## [INPUT]
--- START ---

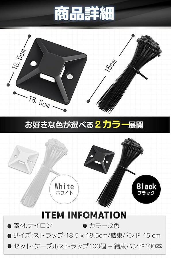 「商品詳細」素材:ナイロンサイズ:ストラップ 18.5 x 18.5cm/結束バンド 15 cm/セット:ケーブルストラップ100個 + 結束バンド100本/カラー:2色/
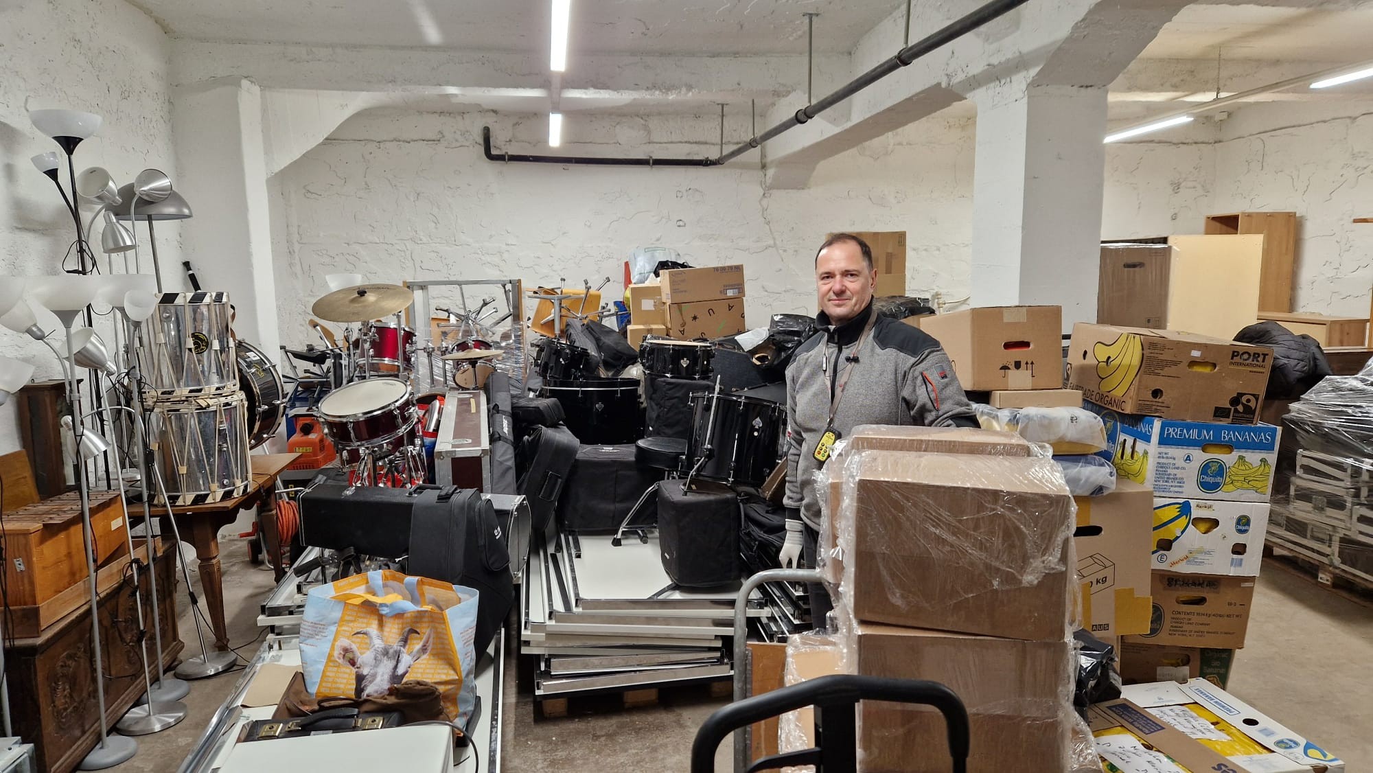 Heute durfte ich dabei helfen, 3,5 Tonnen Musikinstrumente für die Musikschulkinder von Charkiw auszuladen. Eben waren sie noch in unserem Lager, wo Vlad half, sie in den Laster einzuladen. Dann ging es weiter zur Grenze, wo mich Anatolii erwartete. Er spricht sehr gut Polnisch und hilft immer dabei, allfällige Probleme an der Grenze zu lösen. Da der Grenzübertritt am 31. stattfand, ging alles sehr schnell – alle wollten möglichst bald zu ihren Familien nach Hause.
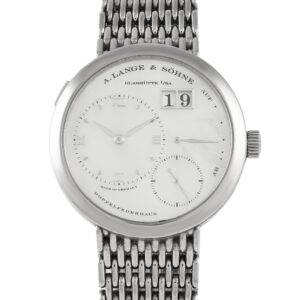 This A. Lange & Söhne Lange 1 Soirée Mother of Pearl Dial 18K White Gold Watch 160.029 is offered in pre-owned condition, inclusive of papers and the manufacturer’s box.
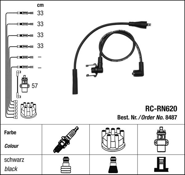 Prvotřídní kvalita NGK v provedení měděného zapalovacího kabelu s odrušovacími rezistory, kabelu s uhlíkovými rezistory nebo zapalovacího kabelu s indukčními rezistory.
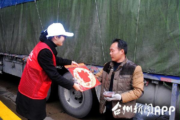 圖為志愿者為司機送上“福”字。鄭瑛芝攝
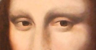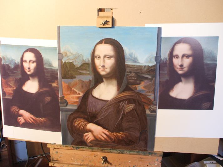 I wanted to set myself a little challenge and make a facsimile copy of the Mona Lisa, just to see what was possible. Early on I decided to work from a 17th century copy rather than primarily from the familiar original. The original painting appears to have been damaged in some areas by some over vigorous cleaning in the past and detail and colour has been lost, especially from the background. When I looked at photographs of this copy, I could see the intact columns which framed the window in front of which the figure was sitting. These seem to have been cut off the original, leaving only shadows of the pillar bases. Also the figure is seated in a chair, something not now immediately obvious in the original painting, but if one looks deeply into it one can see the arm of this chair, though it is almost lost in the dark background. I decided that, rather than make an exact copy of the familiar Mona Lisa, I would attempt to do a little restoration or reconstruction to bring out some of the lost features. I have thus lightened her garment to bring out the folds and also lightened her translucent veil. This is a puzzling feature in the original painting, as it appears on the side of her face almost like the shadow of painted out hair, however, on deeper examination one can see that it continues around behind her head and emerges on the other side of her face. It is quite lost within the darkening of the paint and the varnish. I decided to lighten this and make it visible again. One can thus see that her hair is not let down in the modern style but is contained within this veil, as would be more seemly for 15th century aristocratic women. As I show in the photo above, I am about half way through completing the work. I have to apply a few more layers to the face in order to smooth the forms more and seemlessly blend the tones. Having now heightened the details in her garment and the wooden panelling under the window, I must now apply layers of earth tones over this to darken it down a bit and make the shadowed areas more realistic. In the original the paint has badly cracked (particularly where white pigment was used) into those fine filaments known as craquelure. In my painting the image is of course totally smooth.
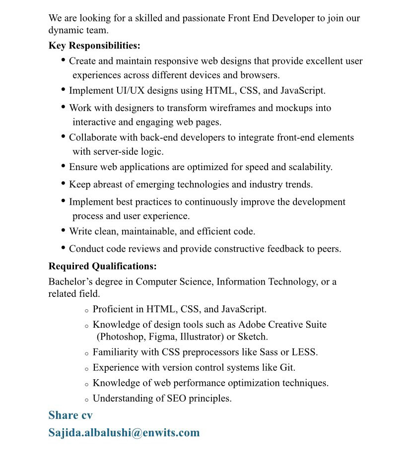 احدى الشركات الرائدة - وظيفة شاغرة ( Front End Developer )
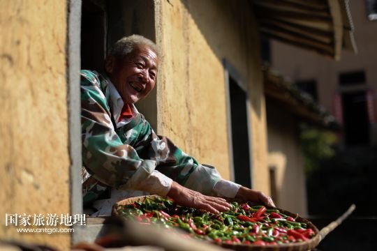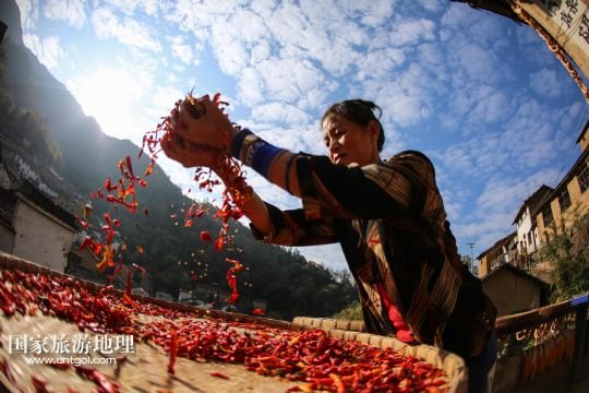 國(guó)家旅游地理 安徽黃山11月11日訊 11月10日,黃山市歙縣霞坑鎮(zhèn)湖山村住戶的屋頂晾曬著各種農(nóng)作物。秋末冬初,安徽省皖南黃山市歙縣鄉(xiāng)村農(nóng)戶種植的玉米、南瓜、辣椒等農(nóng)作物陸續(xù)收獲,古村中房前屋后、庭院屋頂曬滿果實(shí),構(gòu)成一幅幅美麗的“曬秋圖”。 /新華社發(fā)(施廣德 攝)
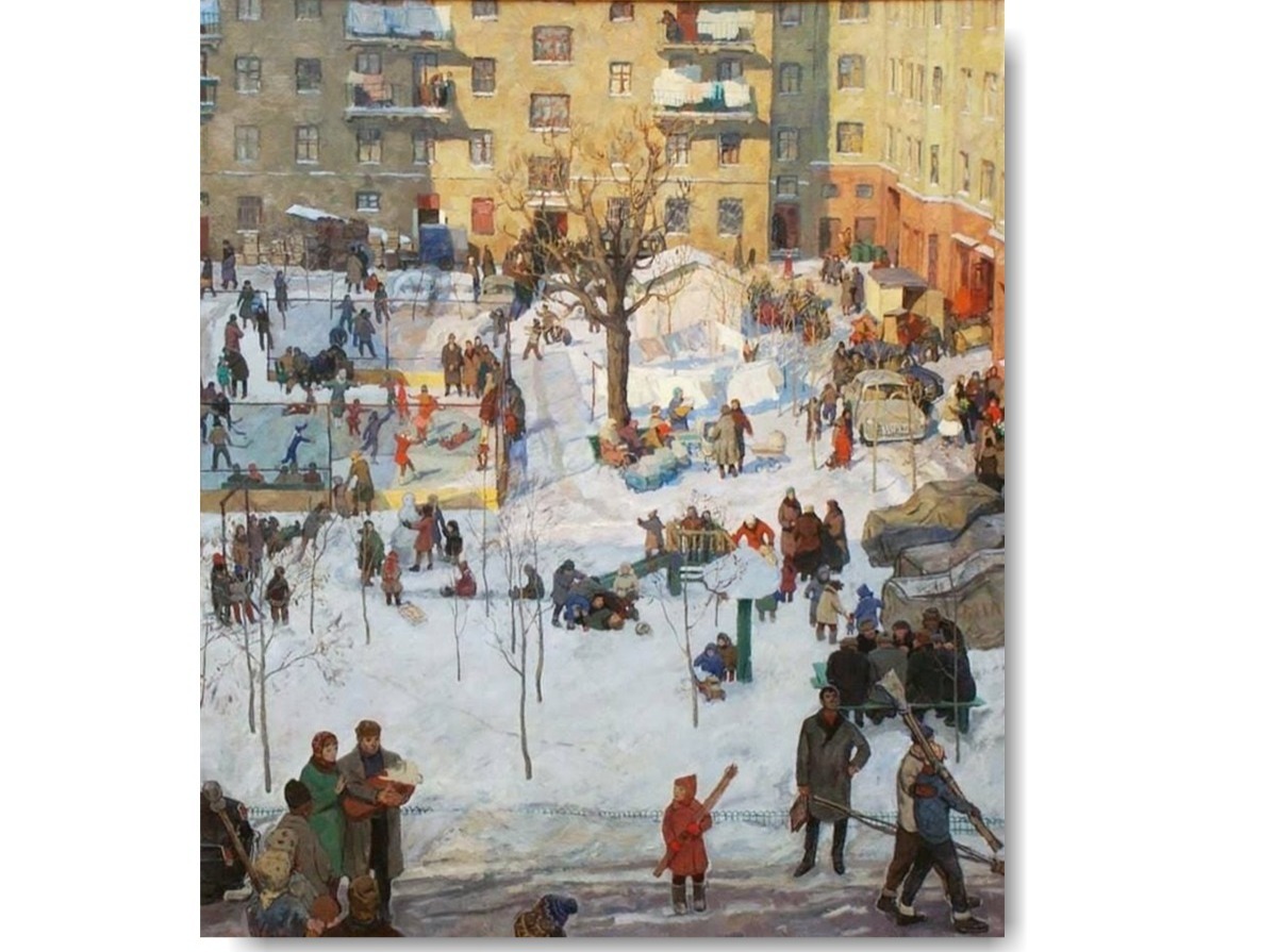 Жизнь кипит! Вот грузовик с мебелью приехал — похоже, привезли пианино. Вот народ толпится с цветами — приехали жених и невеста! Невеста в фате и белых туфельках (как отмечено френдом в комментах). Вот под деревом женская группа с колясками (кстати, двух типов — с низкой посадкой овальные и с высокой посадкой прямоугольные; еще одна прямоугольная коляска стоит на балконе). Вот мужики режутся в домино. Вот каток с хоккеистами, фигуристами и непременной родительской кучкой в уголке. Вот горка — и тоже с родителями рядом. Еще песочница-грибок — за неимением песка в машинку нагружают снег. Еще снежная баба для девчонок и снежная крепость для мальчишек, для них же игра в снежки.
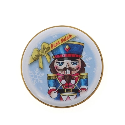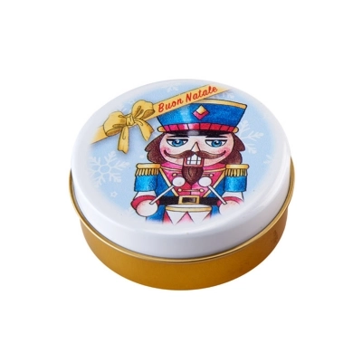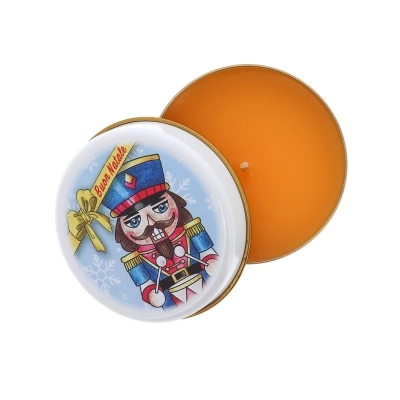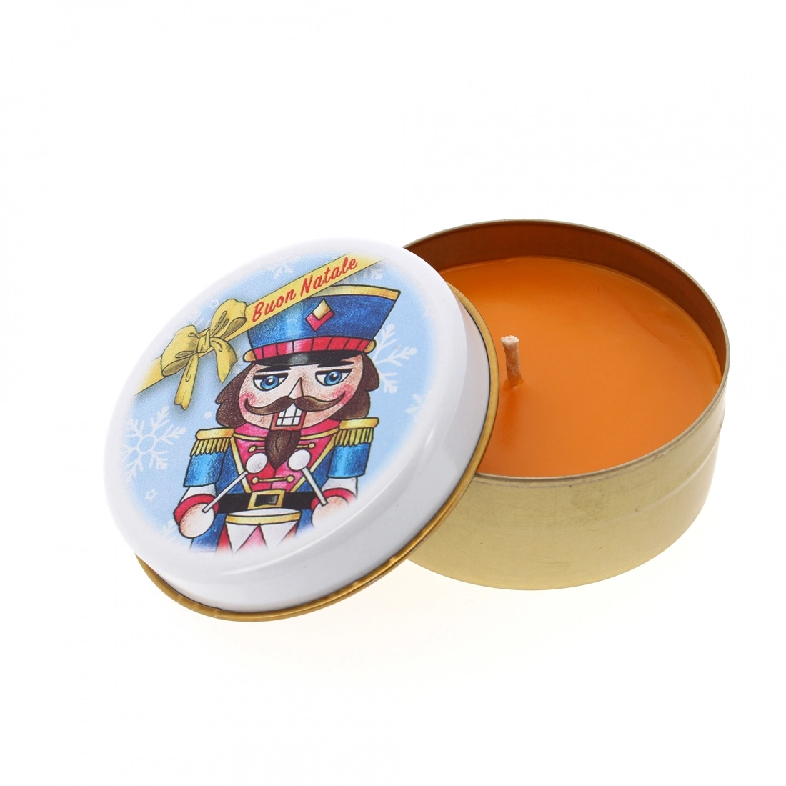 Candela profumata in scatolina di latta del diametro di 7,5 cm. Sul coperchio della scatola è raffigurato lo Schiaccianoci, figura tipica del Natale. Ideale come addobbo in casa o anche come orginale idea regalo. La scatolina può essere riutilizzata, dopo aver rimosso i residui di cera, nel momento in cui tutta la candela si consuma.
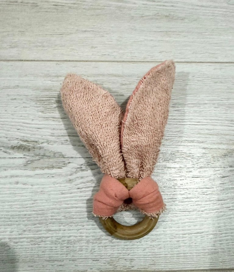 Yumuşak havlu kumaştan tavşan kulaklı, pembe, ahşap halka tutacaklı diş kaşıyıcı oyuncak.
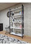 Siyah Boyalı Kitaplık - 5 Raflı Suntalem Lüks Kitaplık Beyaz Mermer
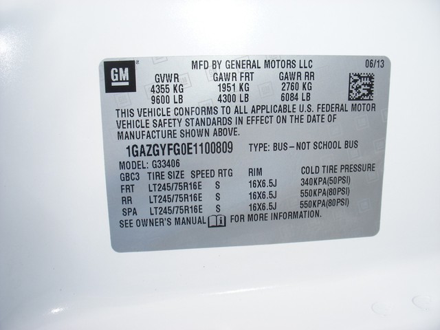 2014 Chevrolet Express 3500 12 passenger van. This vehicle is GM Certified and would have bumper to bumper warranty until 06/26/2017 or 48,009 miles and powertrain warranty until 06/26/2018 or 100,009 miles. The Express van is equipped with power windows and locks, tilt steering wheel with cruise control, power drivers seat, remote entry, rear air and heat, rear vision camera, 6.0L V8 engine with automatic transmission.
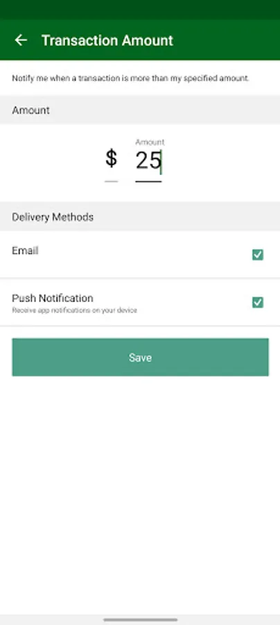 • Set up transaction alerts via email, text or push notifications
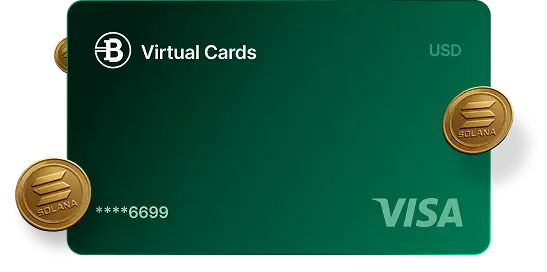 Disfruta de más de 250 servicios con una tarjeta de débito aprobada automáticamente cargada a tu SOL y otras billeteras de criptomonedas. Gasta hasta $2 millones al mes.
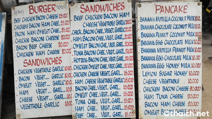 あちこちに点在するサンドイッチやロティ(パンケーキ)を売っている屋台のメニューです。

--- END ---

## [WHAT YOU ARE ASKED TO DO]
Write the lines out word for word, starting at the one with "2014 Chevrolet Express" and stopping after the last line of the material above, with pictures excluded.

## [EXPECTED ANSWER]
 2014 Chevrolet Express 3500 12 passenger van. This vehicle is GM Certified and would have bumper to bumper warranty until 06/26/2017 or 48,009 miles and powertrain warranty until 06/26/2018 or 100,009 miles. The Express van is equipped with power windows and locks, tilt steering wheel with cruise control, power drivers seat, remote entry, rear air and heat, rear vision camera, 6.0L V8 engine with automatic transmission.
 • Set up transaction alerts via email, text or push notifications
 Disfruta de más de 250 servicios con una tarjeta de débito aprobada automáticamente cargada a tu SOL y otras billeteras de criptomonedas. Gasta hasta $2 millones al mes.
 あちこちに点在するサンドイッチやロティ(パンケーキ)を売っている屋台のメニューです。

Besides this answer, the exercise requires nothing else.